Write out again only the lines between the one with "配上秘制的酱汁和炸得金黄酥脆的薯条" and the end of the records below, both ends counted, and don't include the pictures.

= Raw data =
—————
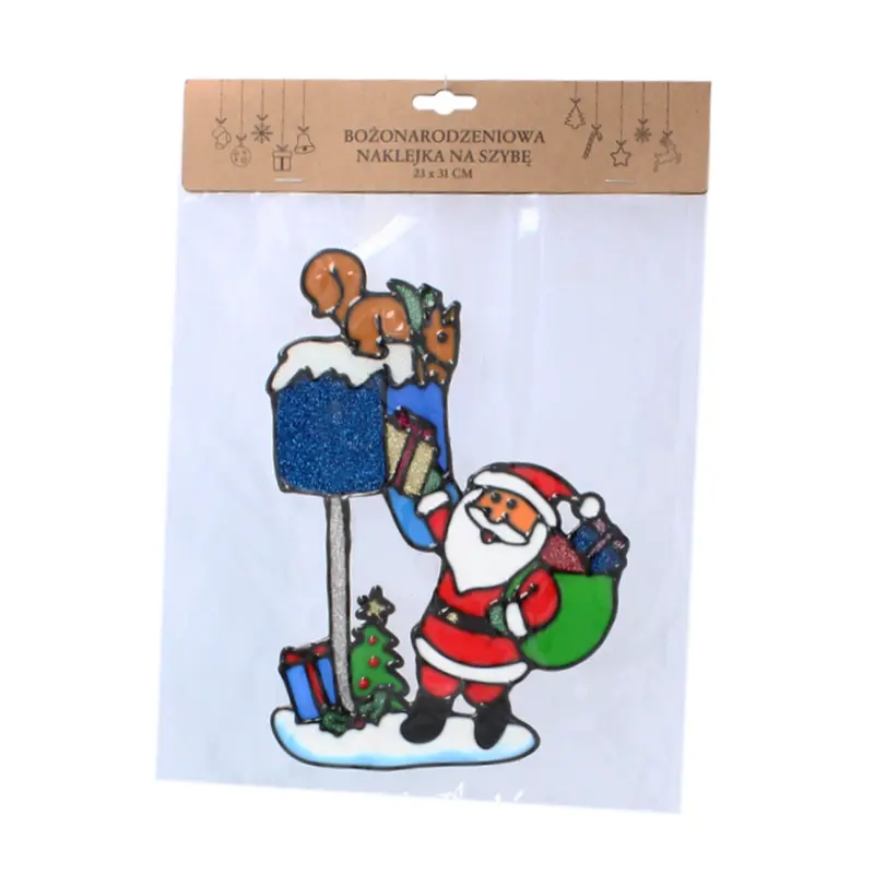 Коли наближаються різдвяні свята — новорічного декору багато не буває! Новорічні декоративні двосторонні наліпки — це чудове рішення, якщо бажаєте, щоб різдвяна атмосфера завжди супроводжувала вас у святковий період. Достатньо лише наклеїти прикрасу на обрану гладку поверхню, і добрий Санта, що роздає подаруночки, випромінюватиме зимовий настрій навколо. Особливо вдало наліпка виглядатиме на скляній та дзеркальній поверхні.При потраплянні світла прикраса заграє сяючими переливами завдяки блискіткам, якими вона покрита — казковий ефект забезпечено! *Реальний колір товару може дещо відрізнятися від зразків представлених на сайті залежно від технічних налаштувань Вашого екрану, а також, зважаючи на особливості матеріалу, відтінок товару може змінюватися залежно від освітлення.
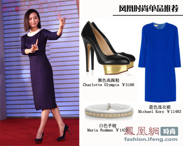 刘诗诗一袭深蓝色连衣裙大方优雅,白色的圆领又多了几分文艺气质,搭配思加图的蓝色螺丝钉高跟鞋,在颜色上又与服装相呼应,外加白色手链的一点装饰,简单自然又十分大气。
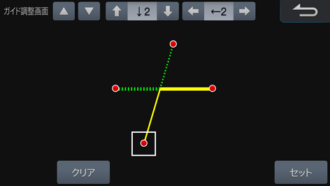[↑][↓][←][→]にタッチしてガイドの位置を調整します。調整が済んだら[セット]にタッチします。
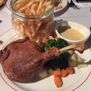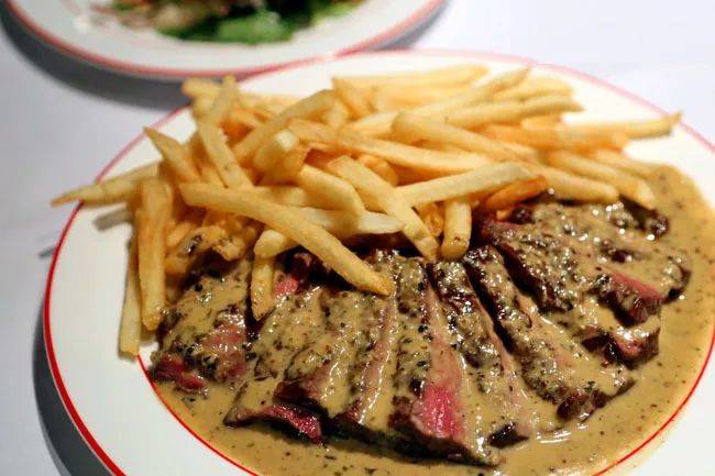配上秘制的酱汁和炸得金黄酥脆的薯条
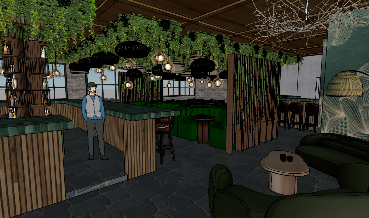 generate a photorealistic render of the restaurant s interior preserving the original layout and all furniture placement set the ceiling spotlight pendants to a low ambient glow dim but not too dark to create a warm inviting atmosphere
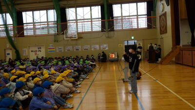 1月16日(木)業間休みに、授業中以外の時間に災害が起きた場合を想定し、自分の命を守るためにはどうすればよいか考え、正しい行動のしかたを身に付けられるよう避難訓練を行いました。子どもたちは、「おかしもち」の約束を守りながら、自分のいる場所に合わせて避難行動を取ることができました。
—————
= Answer section =
配上秘制的酱汁和炸得金黄酥脆的薯条
 generate a photorealistic render of the restaurant s interior preserving the original layout and all furniture placement set the ceiling spotlight pendants to a low ambient glow dim but not too dark to create a warm inviting atmosphere
 1月16日(木)業間休みに、授業中以外の時間に災害が起きた場合を想定し、自分の命を守るためにはどうすればよいか考え、正しい行動のしかたを身に付けられるよう避難訓練を行いました。子どもたちは、「おかしもち」の約束を守りながら、自分のいる場所に合わせて避難行動を取ることができました。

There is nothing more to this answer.